I have a 65g tall tank (36x18x25) and am 4 weeks into stocking it with 12 demasoni, 8 yellow labs, and 7 rusties. Your best bet would be to stick with the smaller species like Afra OR demasoni. I would not put both of those species together though do to similar markings and aggressive nature. If you go with demasoni, make sure you have plenty of them (8-12+) or they will end up killing each other. They are highly aggressive. I have been told here on the forum that demasoni should be by themselves or one other species max in a 3ft tank. We are limited by our 3ft tanks, and really cannot have the variety we would like. If I had it to do over, I would have done only the labs and demasoni in smaller numbers.

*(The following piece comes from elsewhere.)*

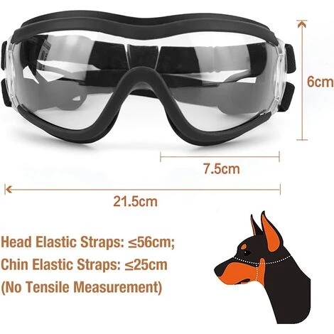 Sangle réglable : les lunettes pour chien ont une sangle autour de la tête et sous le menton avec des ajustements sur les deux afin qu’elles restent bien en place.

I would suggest picking no more than two species and definitely dwarf species to put in your tank. It has worked out well for me getting all juvenile cichlids and all of them @ once when stocking my mbuna tank. My problem is too many fish once they reach mature size, so I am going to take out the rusties and place them in a single species tank like a 46g bow front or something. Good luck and happy fish keeping!


----------



## crazycolt42 (Nov 10, 2013)

Oh, and back to your original question, I did not know how to really figure out proper "overstocking" for a mbuna tank, but someone on the forum suggested figuring the area of the floor of your aquarium (36x18) and using that as a guide. from his math estimates, I would say normal stocking would be 8-10, and acceptable overstocking would be 12-14 @ mature size IF you go with smaller species.


----------



## Austinite (Jul 27, 2013)

Once the tank is cycled, I would add all the fist at once. You could order online & get exactly what you want, and only pay shipping once. It's the most effective way to go, imo.


----------